Inserting large number of data rows into cloudsql table via PyMySql from .csv


I am new to CloudSQL & I am trying to insert records of 40+ different columns and over 1.5 million rows. However I am unable to do this in Google CloudSQL. I have taken quite a number of measures listed below to resolve this issue but the main error that I get is:

ERROR:
textPayload:  "2019-04-12T06:10:47.348295Z 8554 [Note] Aborted connection 8554 to db: 'xxxxx_xxx' user: 'root' host: 'x.x.x.x' (Got an error reading communication packets)"  

Summary:

  1. I am using Python, PyMySql to insert 1.5 million rows of data into a table of 35 columns
  2. Instance, DB, Table have already been created in CloudSQL.
  3. System configuration: vCPUs - 4, Memory- 15 GB, SSD storage - 10 GB
  4. I can load this data completely fine in my local system.
  5. In Google CloudSQl, deployment time is extremely long and deployment is Successful.
  6. But when I check my table, it is empty.
  7. The MySql error logs in the instance shows the above.

I have made tried the following actions:

  • Using API URL/ .txt / .json file for upload instead now using .csv.

  • Thinking it is a system issue, I upgraded the system from 8GB Memory to 15 GB Memory.

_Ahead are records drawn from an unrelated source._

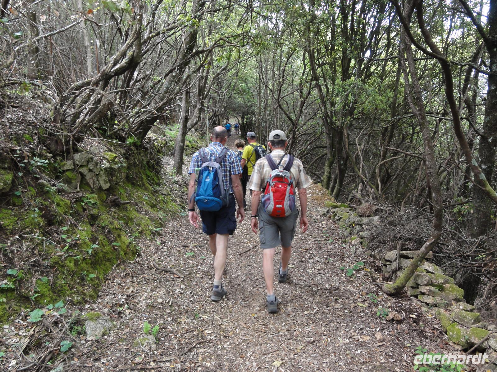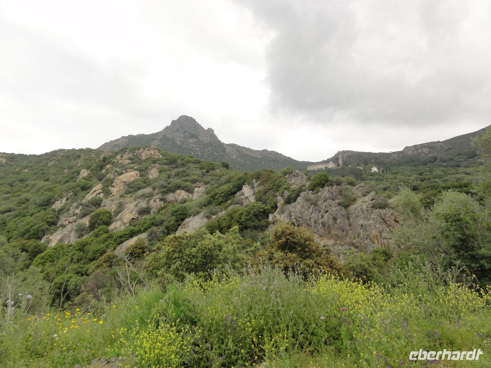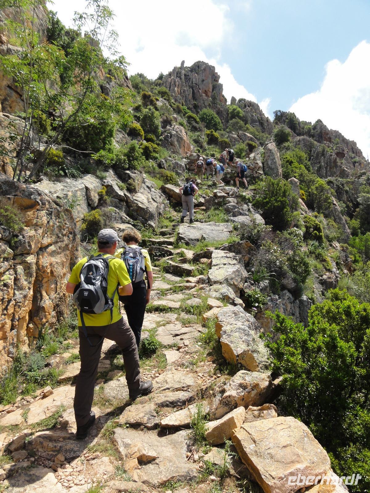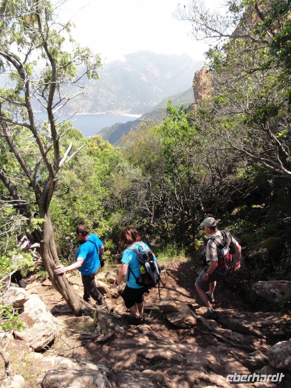 Bei schönstem Wetter treffen wir uns 06:15 Uhr auf dem Flughafen in Dresden. Einige von uns nehmen den Haustürtransfer in Anspruch. Nachdem die Gruppe vollzählig ist, machen wir uns auf den Weg zum Germanwings-Schalter um unser Gepäck aufzugeben. Eingecheckt sind wir bereits, und so ist es eine Sache von Sekunden, bis alle Ihre Koffer abgeben haben. Auf geht's zur Sicherheitskontrolle und wie immer wird die Reisebegleitung komplett gescannt :-) Aber nach einem intensiven Check des Flughafenpersonals nehmen wir in der Nähe das Gate 4 Platz und warten bis die Anzeige „Boarding EW 27" auf dem Bildschirm erscheint. Um 07:45 Uhr ist es soweit und wir können unsere Plätze im Airbus beziehen. Nach nur 50 Minuten landen wir auf dem Flughafen Köln-Bonn. Wir verlassen den Flieger und begeben uns direkt zum Anschlussgate C30. Von hier fliegen wir 11:20 Uhr zum endgültigen Zielort Bastia auf Korsika. Bei strahlendem Sonnenschein landen wir überpünktlich um 13:00 Uhr auf dem Flughafen Bastia-Poretta. Schnell durch die Passkontrolle und ab zum Kofferband wo bereits unser „Chauffeur" Eric auf uns wartet. Eric wird uns die komplette Woche begleiten und fährt uns, nachdem jeder seinen Koffer hat, direkt nach Folelli in unser Hotel „San Pellegrino". Hier werden wir die erste und die letzte Nacht auf unserer Wanderreise übernachten. Unsere liebe Chantal begrüßt uns im Bus und verteilt die Zimmerschlüssel. Um 14:00 Uhr hat jeder sein Quartier bezogen und verbringt individuell seine Zeit bis zum Abendbrot 19:00 Uhr. Wer mutig ist testet das Mittelmeer direkt vor seiner Tür, unternimmt einen Spaziergang in die Stadt oder macht eine „Siesta" :-)
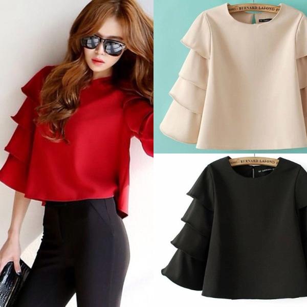 デザインに個性がいっぱい☆ゆったりエレガントなトップス☆☆個性的デザインのトップスのご紹介☆カラーはシンプルに、デザインに個性を。こちらの商品は袖のデザインが凝っていて人目を惹きつけます。無地でシンプルだからこそ華やかデザイン。デニムに、かっちりパンツに。さまざまなコーデを楽しんでください!トップスTシャツ・カットソー・タンクベルスリーブ ティアード クルーネック カットソー 無地 七分袖/無地/七分袖/クルーネック/ミディアム//ブラック/レッド/ベージュ【M】【L】※ノーブランドこの商品情報はLondon Bridgeが作成しております。
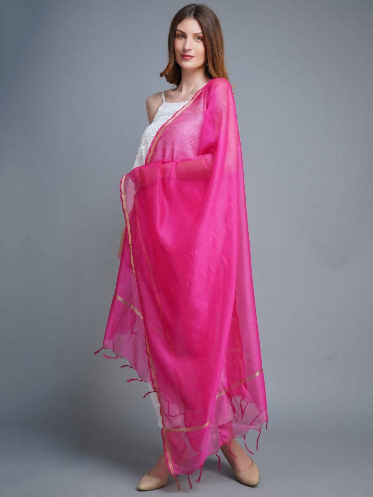 Shehnaai Chanderi Silk Dupatta In Magenta Colour With A Golden Woven Border
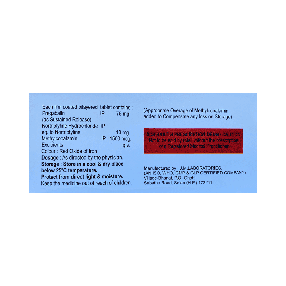 Salt Composition: Pregabalin (75mg) + Nortriptyline (10mg) + Methylcobalamin (1500mcg)
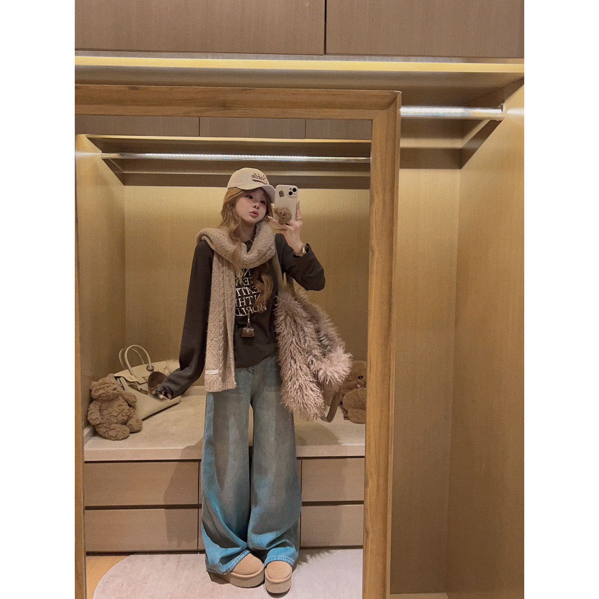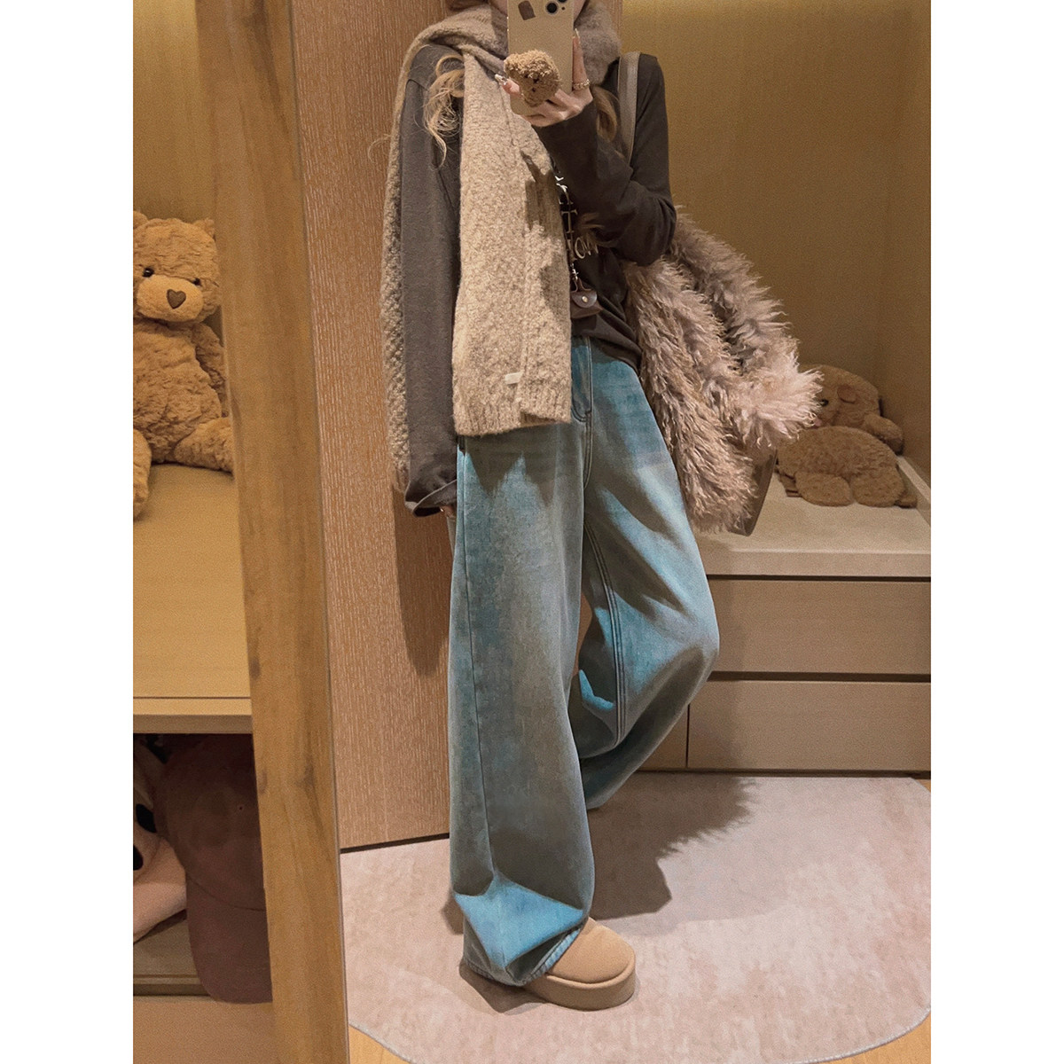 📚 Yukiss 小个子复古加绒高腰直筒阔腿牛仔裤女冬韩系宽松显瘦裤子

  • Thinking that SQL default configs are causing limitations, I have added the following:

    • sql_mode : MAXDB,NO_AUTO_CREATE_USER

    • max_allowed_packet: 1073741824

    • net_read_timeout: 4294967295

    • wait_timeout: 31536000

  • Inserted lesser number of rows, max rows able to insert = 100

def adddata():
    try:
        conn = pymysql.connect(unix_socket='/cloudsql/' + 'karto-235001:asia-east1:karto', user='xxx', password='xxx', db='xxx')
        cur = conn.cursor()
        insert_ = "INSERT INTO data_table(a, b, c) VALUES (%s, %s, %s)"
        with open('info.csv', newline='') as myFile:
            reader = csv.reader(myFile)
            for item in reader:
                cur.execute(insert_, (item[3], item[4], item[5]))
            conn.commit()
            cur.close()
    finally:
        conn.close()

I have checked online and have implemented the recommended solutions by CloudSQL and other stack-overflow users. If anyone could identify what I am doing wrong or if there are issues with my code or configuration? Thank you very much.


Solution

  • I see that you want to upload information contained in a CSV file using Python. Have you tried importing directly to the database? You can follow the steps in the link[1].

    In the meantime I’ll try to replicate your case. You also may want to check if your installations and configuration are correct.

    Verify if Your Cloud SQL instance and connection [2] and you Python installation[3].

    [1]https://cloud.google.com/sql/docs/mysql/import-export/importing#csv
    [2]https://cloud.google.com/sql/docs/mysql/connect-compute-engine
    [3]https://cloud.google.com/python/setup